At which point, other puzzles fall into place. Take the supposed political apathy of the young. If, for years on end, they're sifting the mediated options, deciding who they are or want to be, then is it any wonder that politics, using pop video techniques and pop slogans inferior to the pitch on cans of Diet Cola, is the option they never find time for, one limp message among many more compulsive ones?

It isn't the spin that turns them off; it's the style and the tone of voice. It's Clinton and Bush and, yes, of course, Tony Blair acting again, because acting is what they all have to do while the media carousel turns.

This is a fertile, haunting book, with a thesis that peddles awareness, not conclusions. But once you've absorbed the awareness, you're bound to see life a little differently, and to keep asking the most vexing of questions. If I am a sponge, an assemblage of images, sounds and influences, always looking out for my 15 minutes of fame, always rehearsing what I'll say if a camera pokes its head round my doorway or a producer from reality television comes knocking with a contract, then where is the real me, the inner core, not the outer show?

De Zengotita remembers looking at his mother one day in the kitchen and thinking: 'That woman bore me in her womb.' We've all done that, I guess. But is it reality or a line from a movie somewhere?

And so, inevitably, queasily, back to the biggest mediated experience of our age. On the morning of 9/11, de Zengotito was sitting in a park by Brooklyn Bridge. What was that bang? A gas main exploding? It's days before he's allowed to cross the East River to see for himself. 'It was chaos, a gigantic instantiation of necessity and accident.' It had cracked apart the expected frame of media representation. It was a tangle of shapes and miseries on a beautiful September day. It was - the exact word - surreal. More, much more, than a Hollywood blockbuster: a shattering experience because without the gloss of art or intellectual point or meaning, a glimpse of reality unmediated, the difference between watching a screen and being there amid dust and rubble.
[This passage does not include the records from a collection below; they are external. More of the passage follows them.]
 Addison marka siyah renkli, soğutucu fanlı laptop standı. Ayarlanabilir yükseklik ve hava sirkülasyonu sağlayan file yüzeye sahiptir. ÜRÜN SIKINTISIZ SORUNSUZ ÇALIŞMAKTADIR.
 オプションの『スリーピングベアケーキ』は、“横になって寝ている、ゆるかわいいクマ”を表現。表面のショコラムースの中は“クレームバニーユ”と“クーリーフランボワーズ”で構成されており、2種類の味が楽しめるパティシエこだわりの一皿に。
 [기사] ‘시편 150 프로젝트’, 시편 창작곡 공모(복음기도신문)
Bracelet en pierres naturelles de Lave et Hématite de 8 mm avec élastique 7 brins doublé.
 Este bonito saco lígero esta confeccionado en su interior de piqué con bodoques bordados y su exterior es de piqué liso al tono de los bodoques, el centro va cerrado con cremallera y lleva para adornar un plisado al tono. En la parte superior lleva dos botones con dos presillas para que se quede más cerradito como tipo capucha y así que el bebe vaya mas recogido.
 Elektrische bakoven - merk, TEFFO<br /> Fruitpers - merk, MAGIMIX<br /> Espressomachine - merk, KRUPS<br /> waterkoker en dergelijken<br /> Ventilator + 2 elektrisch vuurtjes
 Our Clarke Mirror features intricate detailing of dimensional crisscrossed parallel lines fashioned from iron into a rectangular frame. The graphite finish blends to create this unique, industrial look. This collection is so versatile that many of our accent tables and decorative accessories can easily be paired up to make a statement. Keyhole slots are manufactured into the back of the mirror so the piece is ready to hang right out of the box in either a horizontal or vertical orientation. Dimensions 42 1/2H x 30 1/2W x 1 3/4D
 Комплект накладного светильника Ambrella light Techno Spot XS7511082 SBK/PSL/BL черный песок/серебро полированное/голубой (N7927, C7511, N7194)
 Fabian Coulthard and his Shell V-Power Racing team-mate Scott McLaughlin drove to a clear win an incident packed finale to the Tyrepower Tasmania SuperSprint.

Was that the difference for Londoners between the choking blackness of the Piccadilly line and the silence of Trafalgar Square? Or had one bitter reality been subsumed by mediated mourning? The professor, witty and pungent throughout, says he voted for Ralph Nader in 2000, so he's not infallible.

But if you want to think afresh about who you are and how you came to believe what you believe, start here.